Re: [PATCH 3/5] oom: clear TIF_MEMDIE after oom_reaper managed to unmap the address space

[Date Prev][Date Next][Thread Prev][Thread Next][Date Index][Thread Index]

 



Michal Hocko wrote:
> From: Michal Hocko <mhocko@xxxxxxxx>
> 
> When oom_reaper manages to unmap all the eligible vmas there shouldn't
> be much of the freable memory held by the oom victim left anymore so it
> makes sense to clear the TIF_MEMDIE flag for the victim and allow the
> OOM killer to select another task.
> 
> The lack of TIF_MEMDIE also means that the victim cannot access memory
> reserves anymore but that shouldn't be a problem because it would get
> the access again if it needs to allocate and hits the OOM killer again
> due to the fatal_signal_pending resp. PF_EXITING check. We can safely
> hide the task from the OOM killer because it is clearly not a good
> candidate anymore as everyhing reclaimable has been torn down already.
> 
> This patch will allow to cap the time an OOM victim can keep TIF_MEMDIE
> and thus hold off further global OOM killer actions granted the oom
> reaper is able to take mmap_sem for the associated mm struct. This is
> not guaranteed now but further steps should make sure that mmap_sem
> for write should be blocked killable which will help to reduce such a
> lock contention. This is not done by this patch.

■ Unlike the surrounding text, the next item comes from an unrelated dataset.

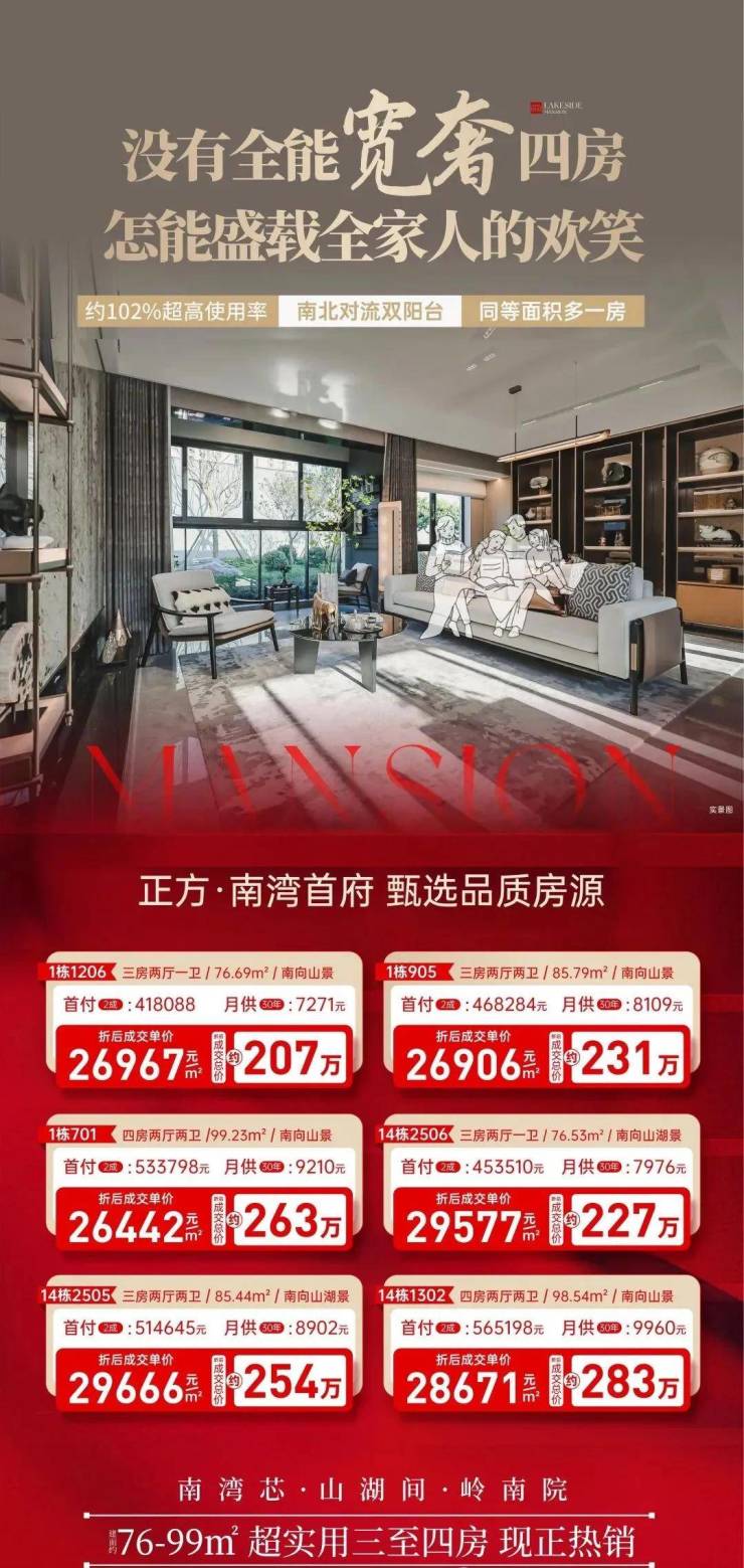 正方·南湾首府预计推出约180㎡涵山叠墅、约143-180㎡揽湖大平层、约76-98㎡凌云美宅。

Did you decide what to do if the OOM reaper is unable to take mmap_sem
for the associated mm struct? I can not only disable the OOM reaper but
also disable further global OOM killer actions at the same time because
the OOM reaper does not clear TIF_MEMDIE. I think we need to take action
regardless of whether the OOM reaper was able to reap the associated mm
struct.

The reproducer program and kernel patch is shown at
http://lkml.kernel.org/r/201602252025.ICH57371.FMOtOOFJFQHVSL@xxxxxxxxxxxxxxxxxxx .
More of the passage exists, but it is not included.